[DATA PROVIDED]
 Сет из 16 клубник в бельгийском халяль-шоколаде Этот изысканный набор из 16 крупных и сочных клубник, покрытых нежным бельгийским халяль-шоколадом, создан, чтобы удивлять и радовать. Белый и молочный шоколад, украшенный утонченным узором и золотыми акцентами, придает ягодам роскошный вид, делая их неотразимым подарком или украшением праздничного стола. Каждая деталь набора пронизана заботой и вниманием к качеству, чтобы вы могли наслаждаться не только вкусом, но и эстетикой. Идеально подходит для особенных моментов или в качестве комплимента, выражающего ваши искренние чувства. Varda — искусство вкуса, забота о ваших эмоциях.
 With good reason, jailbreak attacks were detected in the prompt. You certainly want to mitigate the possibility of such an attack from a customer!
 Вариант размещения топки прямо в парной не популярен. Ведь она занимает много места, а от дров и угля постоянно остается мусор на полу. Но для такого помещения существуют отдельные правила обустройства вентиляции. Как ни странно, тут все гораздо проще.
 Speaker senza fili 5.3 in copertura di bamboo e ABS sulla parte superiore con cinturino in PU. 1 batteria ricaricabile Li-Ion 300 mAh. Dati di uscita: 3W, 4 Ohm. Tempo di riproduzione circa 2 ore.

==

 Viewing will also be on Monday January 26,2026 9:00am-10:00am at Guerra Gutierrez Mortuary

[HOW TO COMPLETE THIS TASK] From the records above, print exactly the lines that run from the line with "With good reason, jailbreak" to the line with "Speaker senza fili", inclusive.

[RESULT OF THIS TASK]
 With good reason, jailbreak attacks were detected in the prompt. You certainly want to mitigate the possibility of such an attack from a customer!
 Вариант размещения топки прямо в парной не популярен. Ведь она занимает много места, а от дров и угля постоянно остается мусор на полу. Но для такого помещения существуют отдельные правила обустройства вентиляции. Как ни странно, тут все гораздо проще.
 Speaker senza fili 5.3 in copertura di bamboo e ABS sulla parte superiore con cinturino in PU. 1 batteria ricaricabile Li-Ion 300 mAh. Dati di uscita: 3W, 4 Ohm. Tempo di riproduzione circa 2 ore.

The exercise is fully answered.